Beginning with the line containing "小学校では1年生の教室で休憩" and ending at the last line of the data, set down every line exactly, leaving out all pictures.

Source records:
***

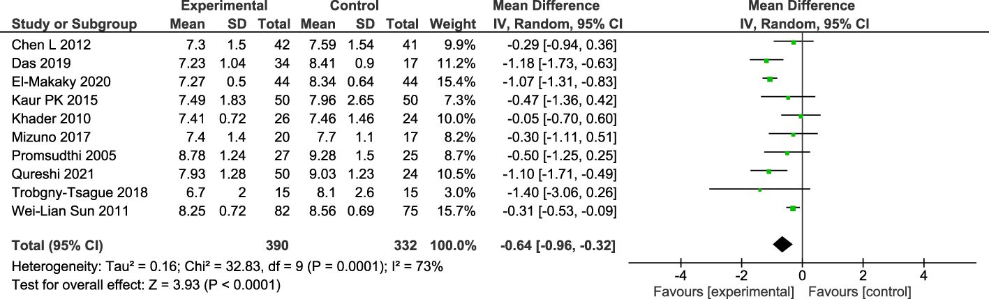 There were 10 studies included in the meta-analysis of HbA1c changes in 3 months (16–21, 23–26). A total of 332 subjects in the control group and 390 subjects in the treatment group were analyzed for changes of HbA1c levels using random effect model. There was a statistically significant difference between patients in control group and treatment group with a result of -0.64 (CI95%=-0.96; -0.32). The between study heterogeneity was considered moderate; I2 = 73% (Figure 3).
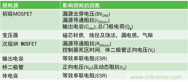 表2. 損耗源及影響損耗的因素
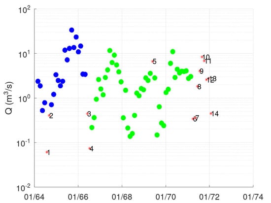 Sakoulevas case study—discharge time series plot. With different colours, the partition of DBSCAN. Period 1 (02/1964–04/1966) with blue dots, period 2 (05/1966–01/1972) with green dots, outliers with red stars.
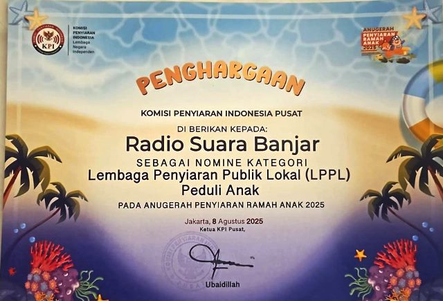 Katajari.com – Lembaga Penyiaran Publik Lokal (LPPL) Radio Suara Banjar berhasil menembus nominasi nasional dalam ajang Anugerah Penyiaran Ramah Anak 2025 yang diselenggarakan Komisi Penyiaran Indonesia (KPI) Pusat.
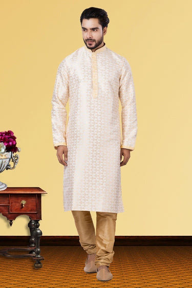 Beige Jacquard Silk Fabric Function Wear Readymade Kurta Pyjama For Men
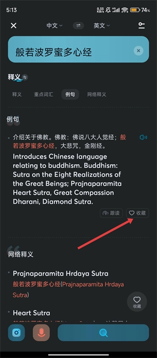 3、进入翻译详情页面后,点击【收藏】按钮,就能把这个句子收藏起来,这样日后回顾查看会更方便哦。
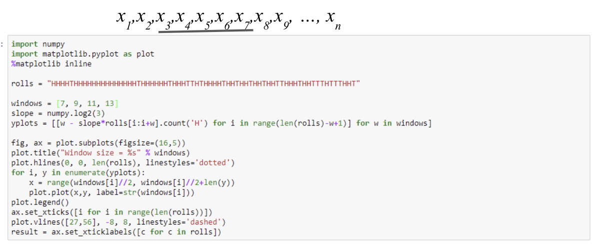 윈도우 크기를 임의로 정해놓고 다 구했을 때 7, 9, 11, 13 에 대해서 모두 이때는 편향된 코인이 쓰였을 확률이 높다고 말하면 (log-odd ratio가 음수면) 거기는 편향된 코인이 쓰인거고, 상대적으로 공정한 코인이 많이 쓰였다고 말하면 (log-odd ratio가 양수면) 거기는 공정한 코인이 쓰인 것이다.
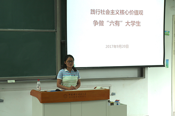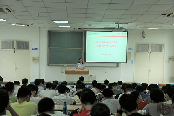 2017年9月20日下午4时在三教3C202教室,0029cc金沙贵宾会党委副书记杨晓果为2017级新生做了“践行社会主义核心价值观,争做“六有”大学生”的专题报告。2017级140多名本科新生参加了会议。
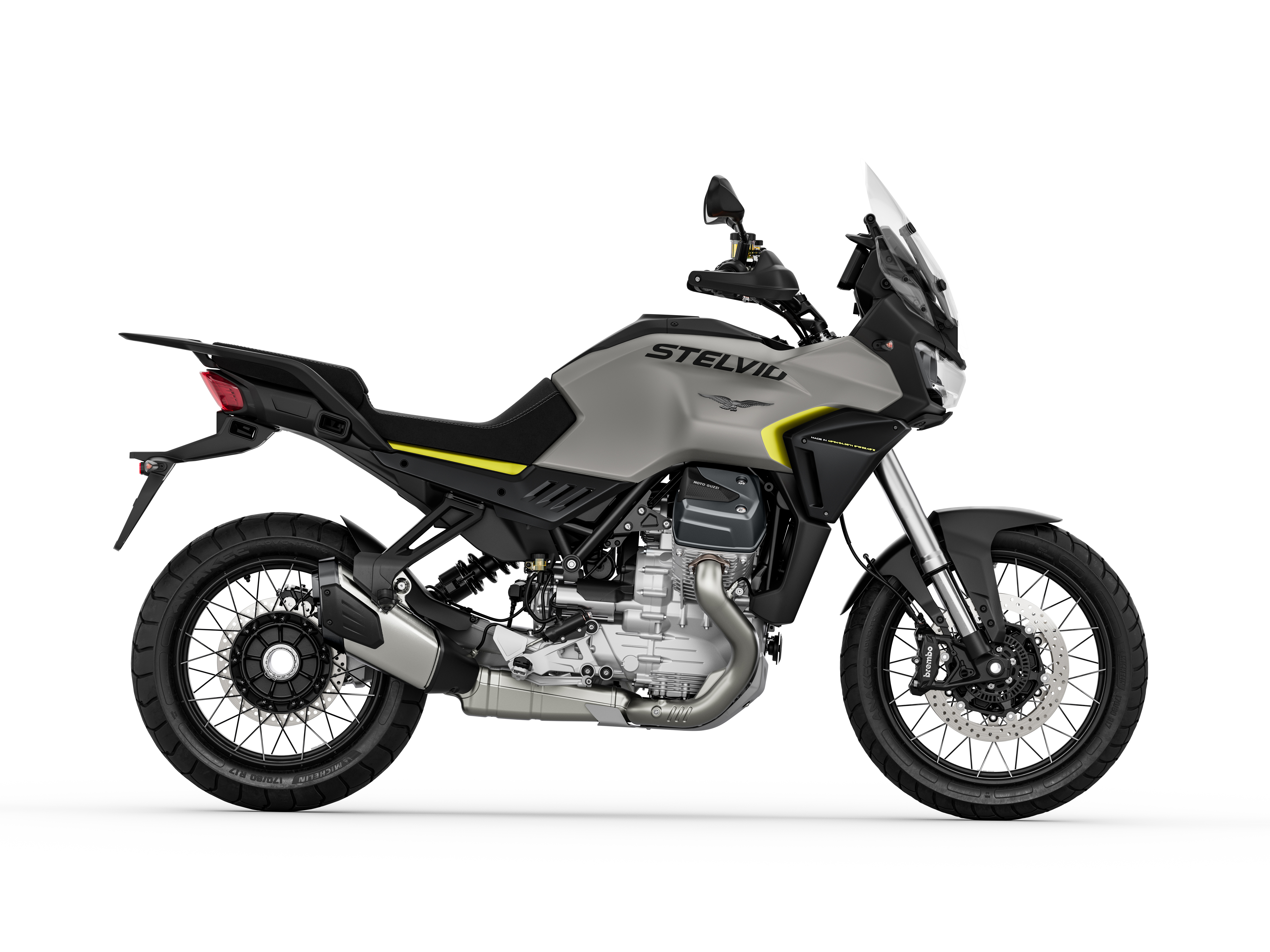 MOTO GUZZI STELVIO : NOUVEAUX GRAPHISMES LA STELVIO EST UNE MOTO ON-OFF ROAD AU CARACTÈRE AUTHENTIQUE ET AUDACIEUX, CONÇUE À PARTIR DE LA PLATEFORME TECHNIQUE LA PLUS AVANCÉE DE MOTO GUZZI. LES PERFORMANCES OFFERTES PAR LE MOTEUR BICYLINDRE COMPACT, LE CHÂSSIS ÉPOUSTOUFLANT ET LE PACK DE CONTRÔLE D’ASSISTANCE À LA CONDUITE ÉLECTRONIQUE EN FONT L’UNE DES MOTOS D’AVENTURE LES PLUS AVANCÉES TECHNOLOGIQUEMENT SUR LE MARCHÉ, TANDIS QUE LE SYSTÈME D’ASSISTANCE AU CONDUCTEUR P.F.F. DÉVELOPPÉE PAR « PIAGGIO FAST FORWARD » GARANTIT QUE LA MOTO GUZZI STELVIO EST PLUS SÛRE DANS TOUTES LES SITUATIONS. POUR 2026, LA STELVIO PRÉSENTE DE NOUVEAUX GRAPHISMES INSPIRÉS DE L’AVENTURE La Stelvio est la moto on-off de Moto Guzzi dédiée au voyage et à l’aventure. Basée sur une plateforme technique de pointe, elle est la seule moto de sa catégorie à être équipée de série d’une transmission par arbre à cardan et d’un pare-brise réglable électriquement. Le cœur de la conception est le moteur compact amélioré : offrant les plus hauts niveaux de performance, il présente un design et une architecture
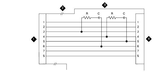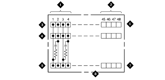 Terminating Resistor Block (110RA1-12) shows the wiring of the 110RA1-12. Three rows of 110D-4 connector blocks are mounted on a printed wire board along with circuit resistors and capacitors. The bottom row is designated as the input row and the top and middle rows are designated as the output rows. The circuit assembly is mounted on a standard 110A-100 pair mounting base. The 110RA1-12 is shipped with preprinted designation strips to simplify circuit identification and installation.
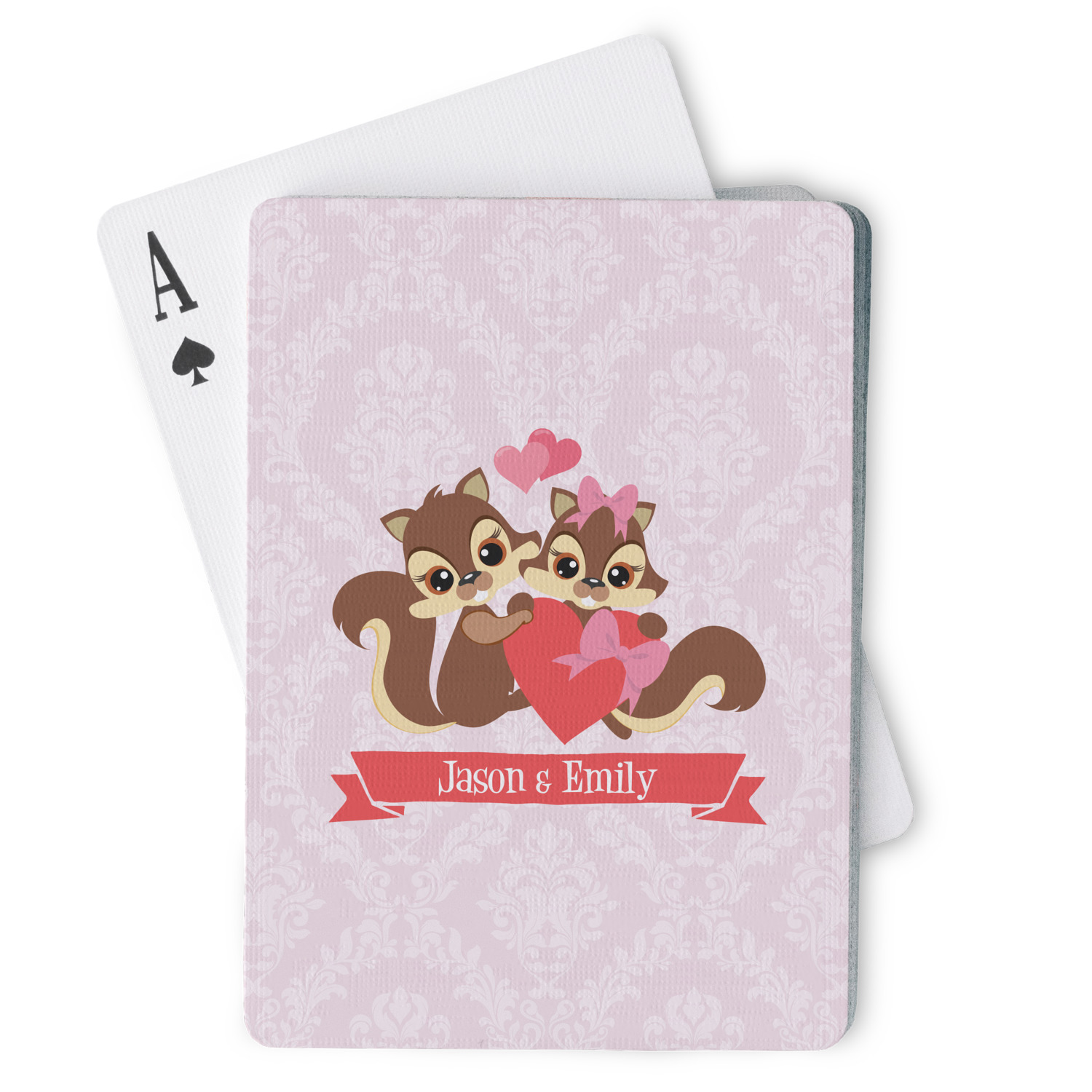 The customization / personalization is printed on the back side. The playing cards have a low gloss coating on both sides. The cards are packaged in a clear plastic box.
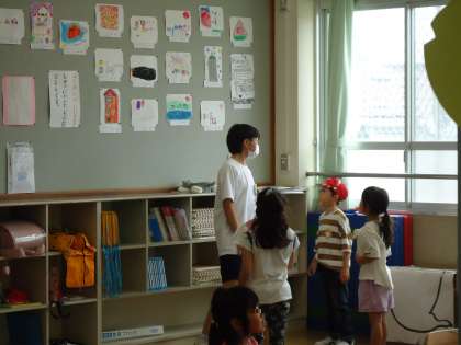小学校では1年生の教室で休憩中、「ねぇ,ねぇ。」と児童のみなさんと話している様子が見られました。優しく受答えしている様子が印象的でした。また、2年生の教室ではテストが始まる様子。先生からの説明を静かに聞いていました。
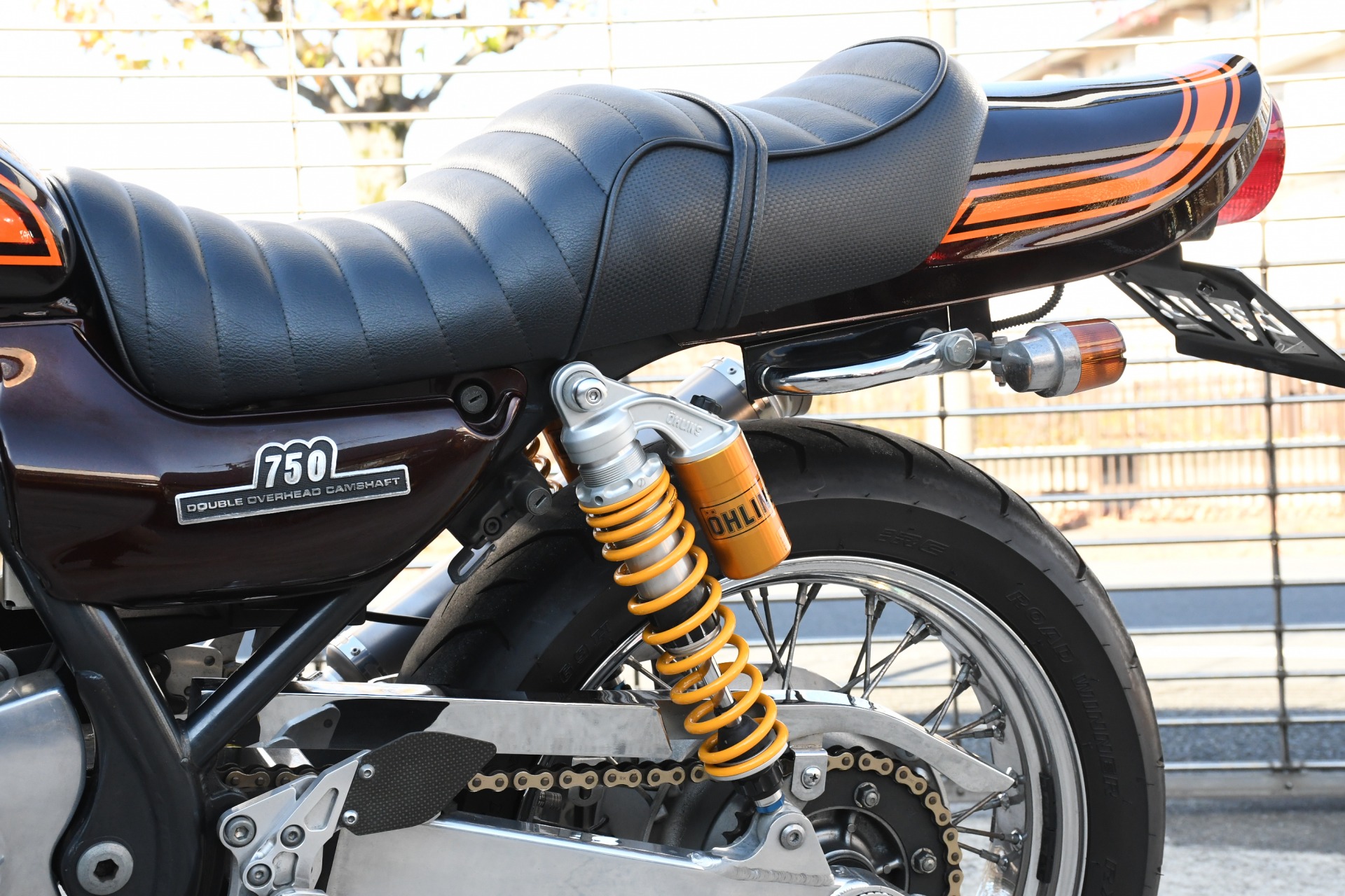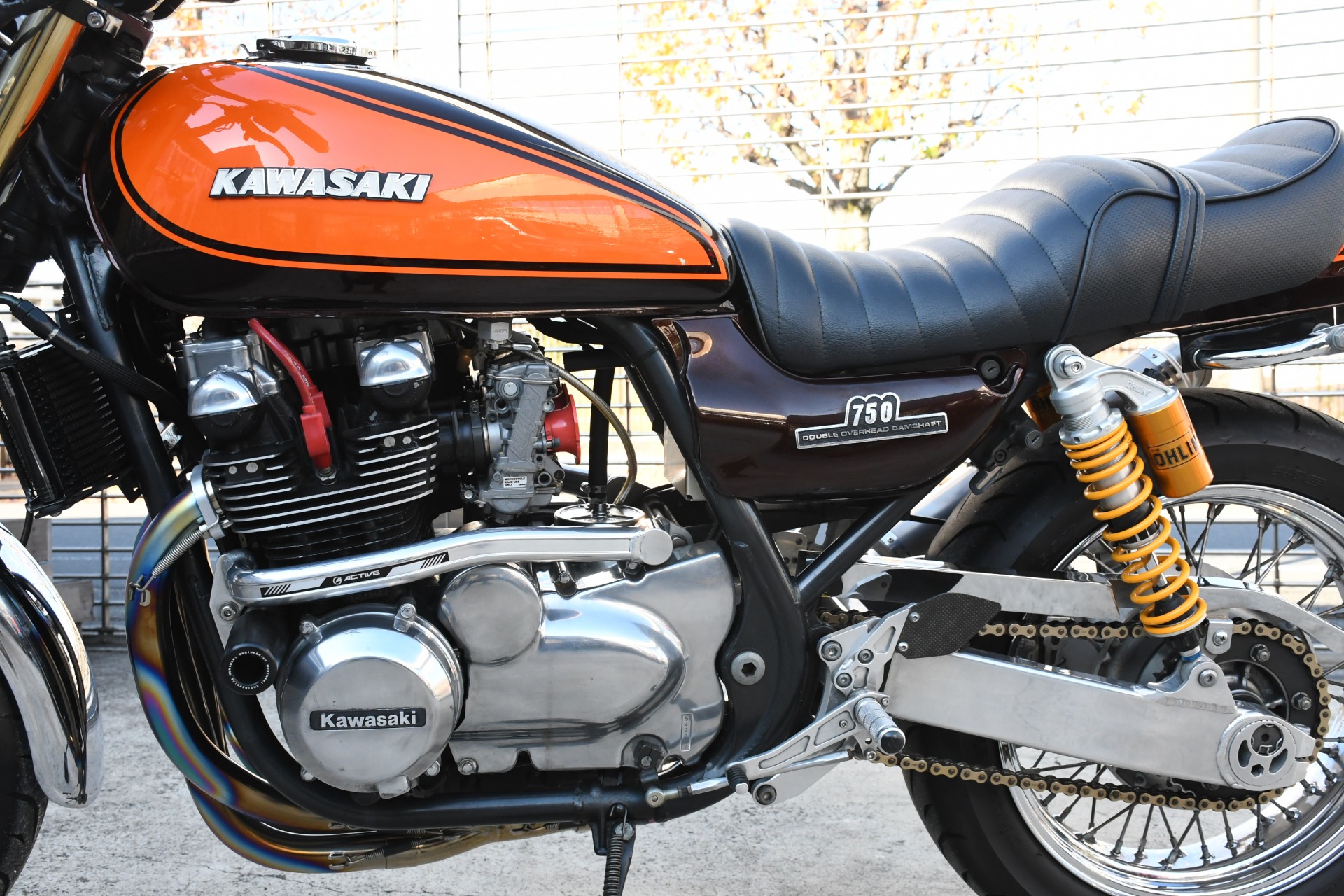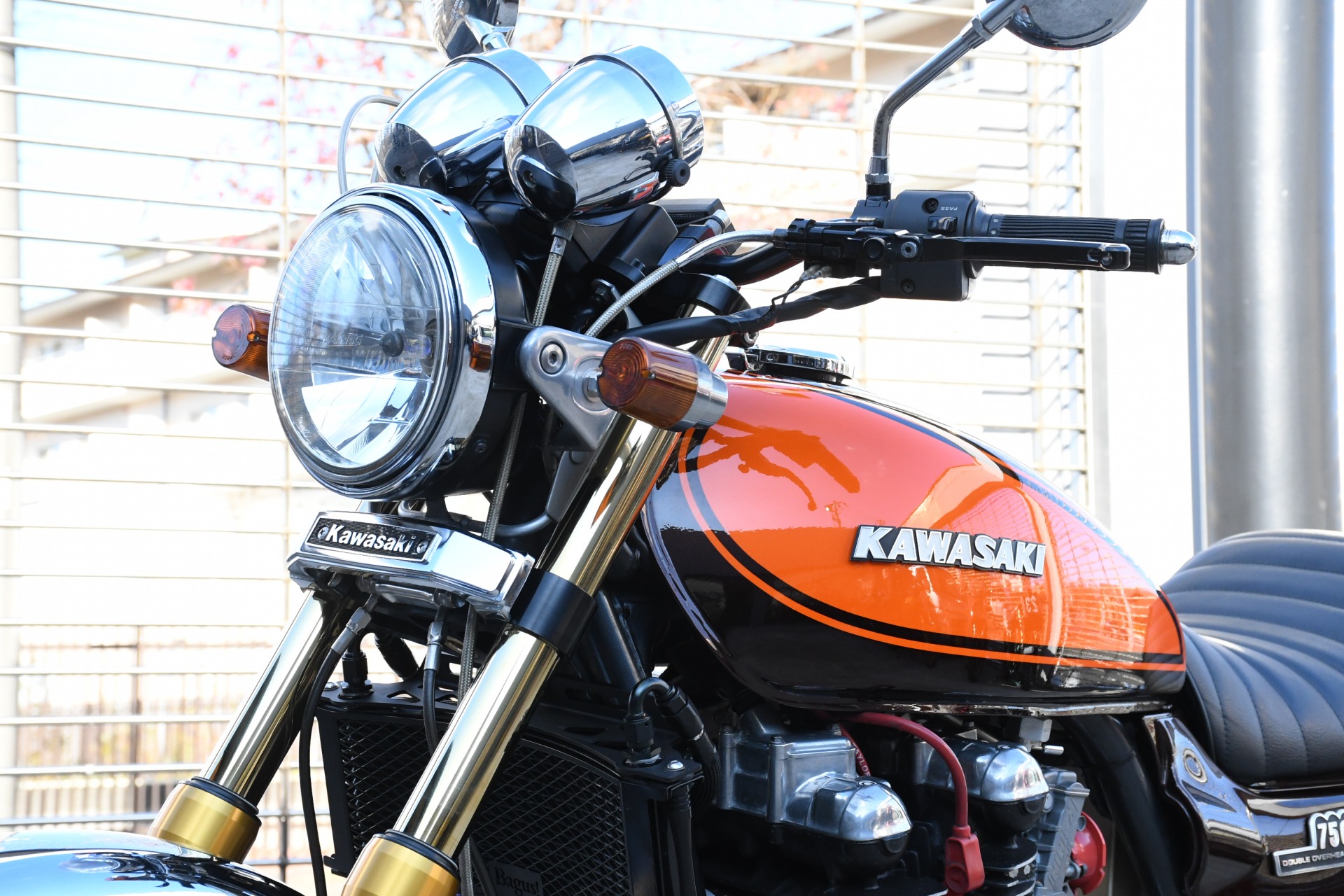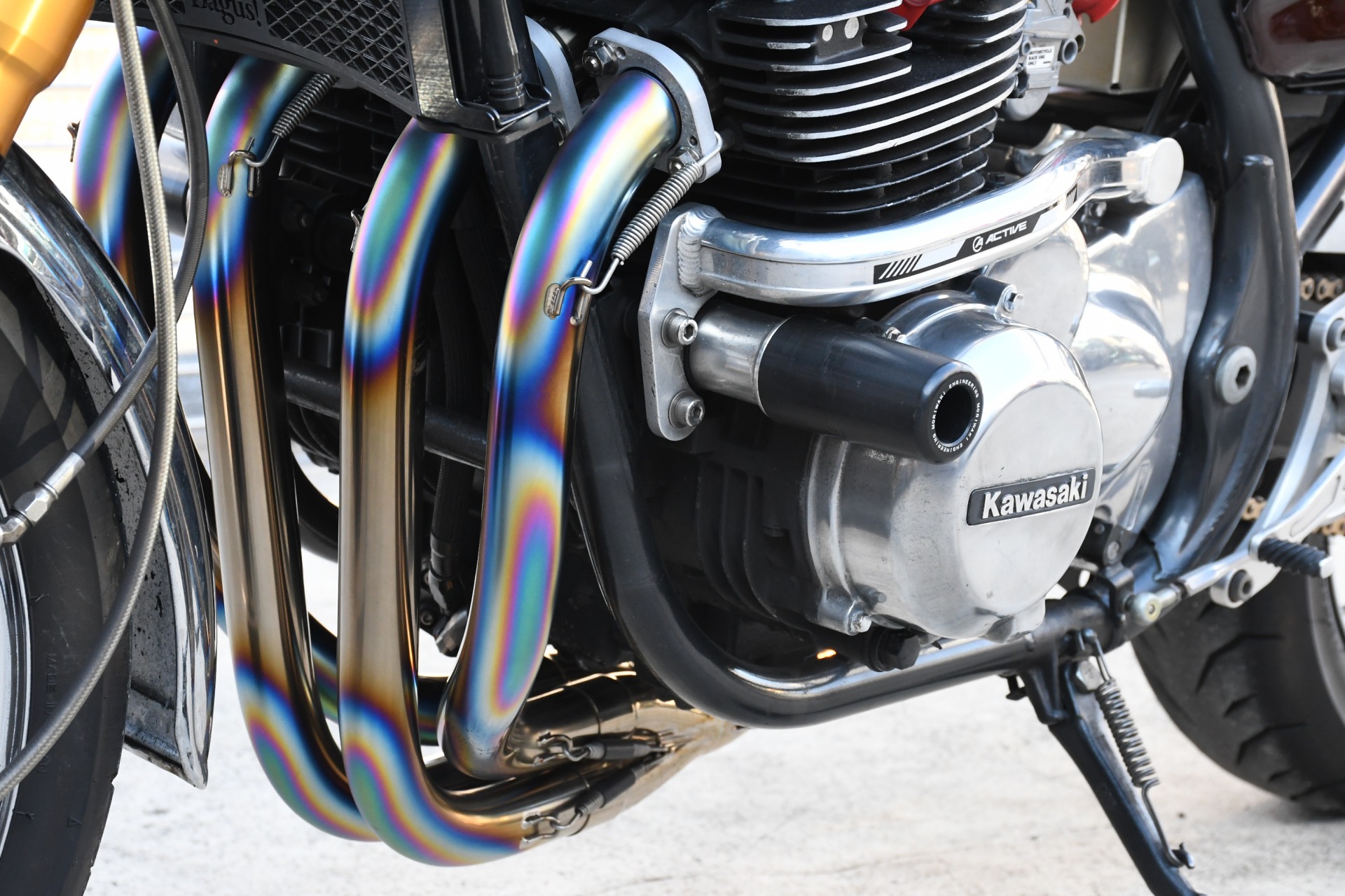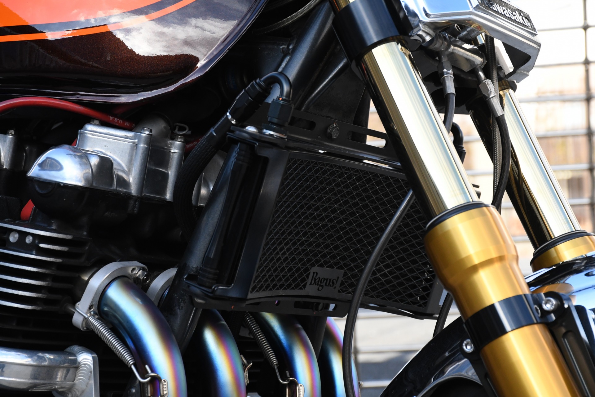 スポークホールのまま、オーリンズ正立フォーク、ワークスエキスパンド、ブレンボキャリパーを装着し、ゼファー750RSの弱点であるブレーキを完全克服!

***

The completed task.
小学校では1年生の教室で休憩中、「ねぇ,ねぇ。」と児童のみなさんと話している様子が見られました。優しく受答えしている様子が印象的でした。また、2年生の教室ではテストが始まる様子。先生からの説明を静かに聞いていました。
 スポークホールのまま、オーリンズ正立フォーク、ワークスエキスパンド、ブレンボキャリパーを装着し、ゼファー750RSの弱点であるブレーキを完全克服!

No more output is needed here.